Good analysis from Ross Douthat:
Ryan’s rejoinder was more urgent and more focused: America’s crippling debt was an organizing theme, and there were warnings of “painful austerity measures” and a looming “day of reckoning.” But his remarks, while rhetorically effective, were even more vague about the details of that reckoning than the president’s address. Ryan owes his prominence, in part, to his willingness to propose a very specific blueprint for addressing the entitlement system’s fiscal woes. But in his first big moment on the national stage, the words “Medicare” and “Social Security” did not pass the Wisconsin congressman’s lips.

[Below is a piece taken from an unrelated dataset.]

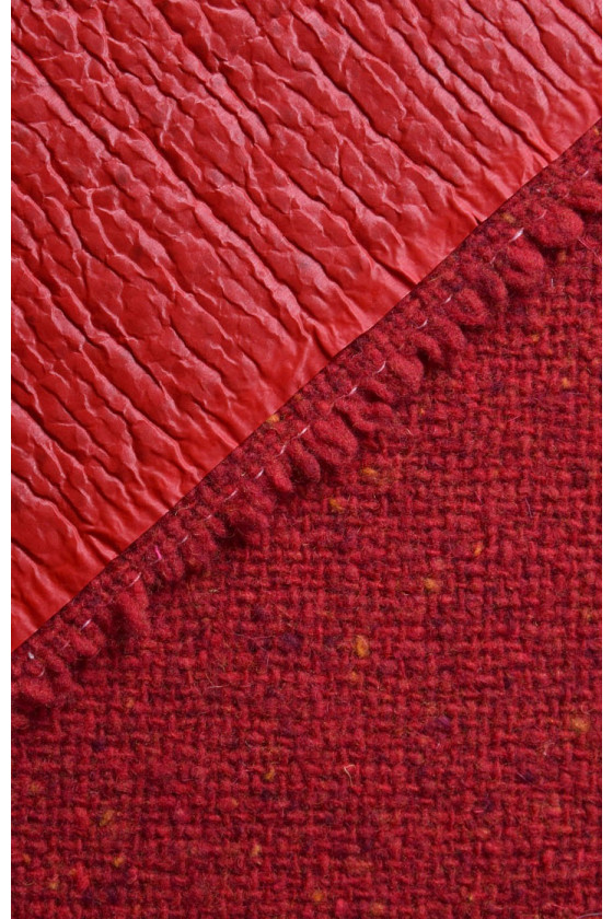 Tissu de manteau italien tissé à partir de laine 100 % naturelle de couleur rouge - le tissu est collé avec une membrane coupe-vent. Les tissus en laine sont idéaux pour les vêtements d’extérieur (manteau, veste, gilet) car ils réchauffent et permettent en même temps à la peau de respirer.

None of this was particularly surprising. It’s clear that both parties have decided that a period of divided government twelve months before a presidential election is the wrong time to make big moves on entitlements and the deficit. Better to wait, jockey for position, and hope that the correlation of forces after 2012 will be more favorable to their preferred solutions.
But to further defend feckless politicians, not only is evading the entitlement challenge politically smart but economically speaking there’s no reason to focus on the deficit right now. Imagine a car driving on a very straight patch of empty highway at 45 miles per hour. Thirty miles ahead comes a very steep curve that’s dangerous to take any faster than 20 miles per hour. You’re going too fast. You’re going to have to slow down soon. But right now you’re going too slow. There’s no reason to be driving 45 mph on an empty straight highway. The fact that in the future you need to slow down and take a tricky turn is neither here nor there.